PROVIDED RECORDS:
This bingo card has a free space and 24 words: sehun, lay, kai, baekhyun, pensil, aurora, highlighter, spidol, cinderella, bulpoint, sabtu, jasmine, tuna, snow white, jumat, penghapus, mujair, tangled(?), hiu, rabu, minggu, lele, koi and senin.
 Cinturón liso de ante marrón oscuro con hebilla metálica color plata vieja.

---

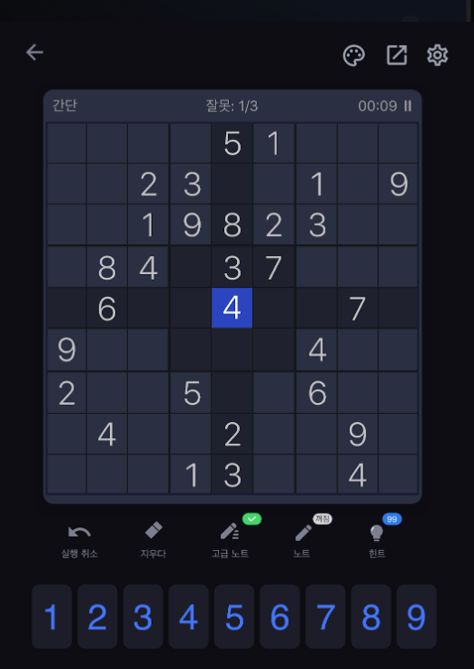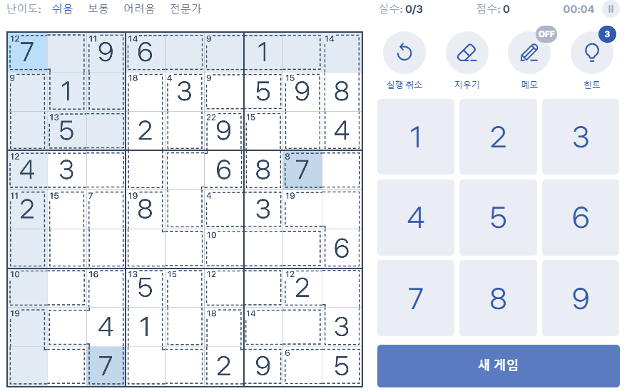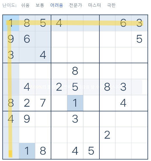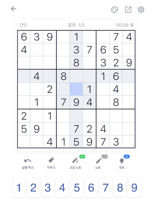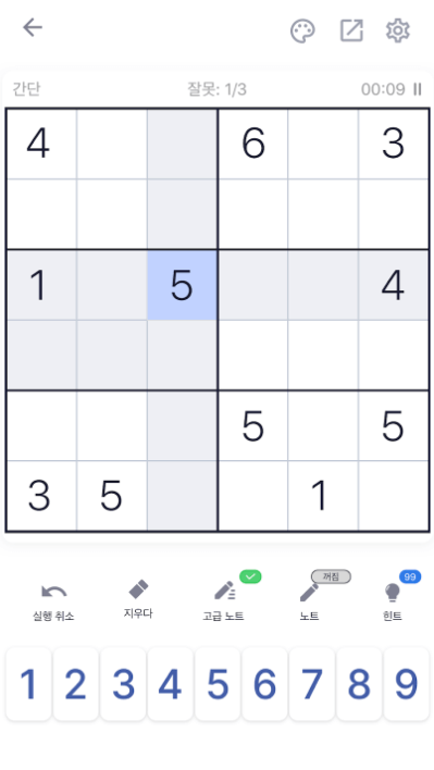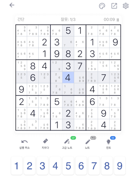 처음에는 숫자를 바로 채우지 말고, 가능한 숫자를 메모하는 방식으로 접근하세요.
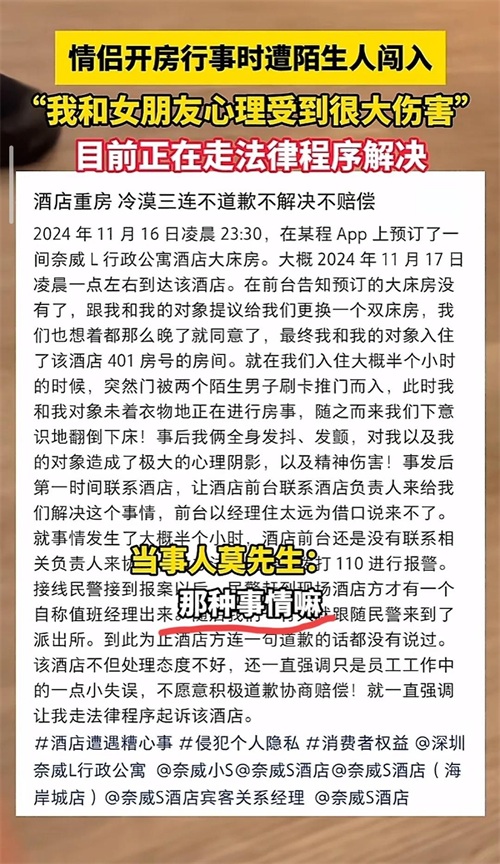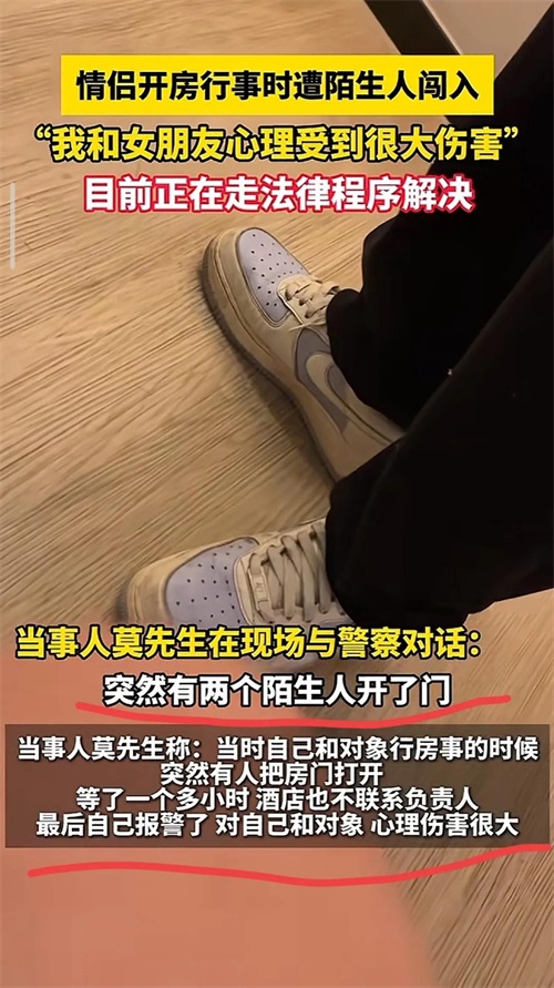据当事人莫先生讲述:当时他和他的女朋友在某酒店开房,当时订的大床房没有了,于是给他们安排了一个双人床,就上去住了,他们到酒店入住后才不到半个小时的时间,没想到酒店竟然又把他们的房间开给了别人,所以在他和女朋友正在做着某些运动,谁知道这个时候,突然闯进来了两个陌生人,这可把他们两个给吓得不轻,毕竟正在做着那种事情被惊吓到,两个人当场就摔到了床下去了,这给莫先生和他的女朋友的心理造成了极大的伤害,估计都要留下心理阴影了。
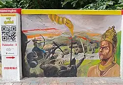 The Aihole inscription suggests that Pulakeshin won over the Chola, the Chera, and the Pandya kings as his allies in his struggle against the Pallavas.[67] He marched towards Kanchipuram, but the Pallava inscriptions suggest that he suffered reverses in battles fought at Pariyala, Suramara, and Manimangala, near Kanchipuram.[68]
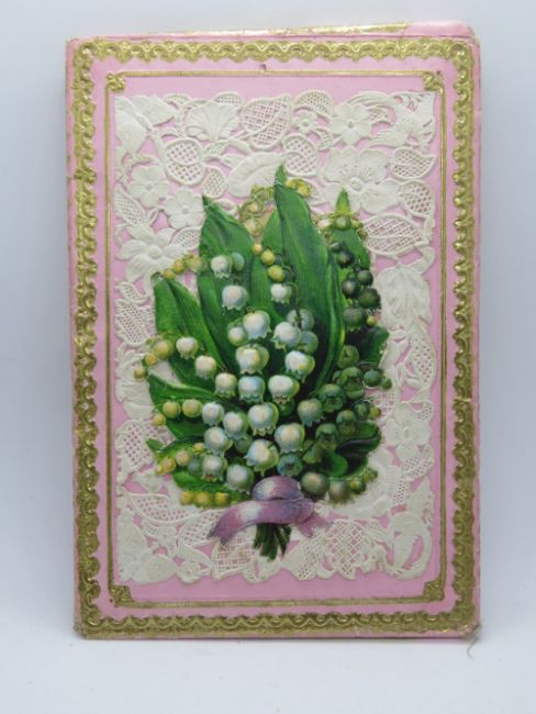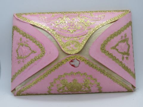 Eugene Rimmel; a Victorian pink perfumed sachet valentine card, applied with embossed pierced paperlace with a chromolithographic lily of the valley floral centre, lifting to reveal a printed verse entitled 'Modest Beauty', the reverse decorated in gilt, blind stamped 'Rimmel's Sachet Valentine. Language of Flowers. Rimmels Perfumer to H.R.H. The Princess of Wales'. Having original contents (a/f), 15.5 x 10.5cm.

WORK INSTRUCTION: Going by the data above, give back only the lines from the one containing "The Aihole inscription" through the one containing "Eugene Rimmel; a", exactly as they stand, both ends included and no images.

EXPECTED ANSWER:
 The Aihole inscription suggests that Pulakeshin won over the Chola, the Chera, and the Pandya kings as his allies in his struggle against the Pallavas.[67] He marched towards Kanchipuram, but the Pallava inscriptions suggest that he suffered reverses in battles fought at Pariyala, Suramara, and Manimangala, near Kanchipuram.[68]
 Eugene Rimmel; a Victorian pink perfumed sachet valentine card, applied with embossed pierced paperlace with a chromolithographic lily of the valley floral centre, lifting to reveal a printed verse entitled 'Modest Beauty', the reverse decorated in gilt, blind stamped 'Rimmel's Sachet Valentine. Language of Flowers. Rimmels Perfumer to H.R.H. The Princess of Wales'. Having original contents (a/f), 15.5 x 10.5cm.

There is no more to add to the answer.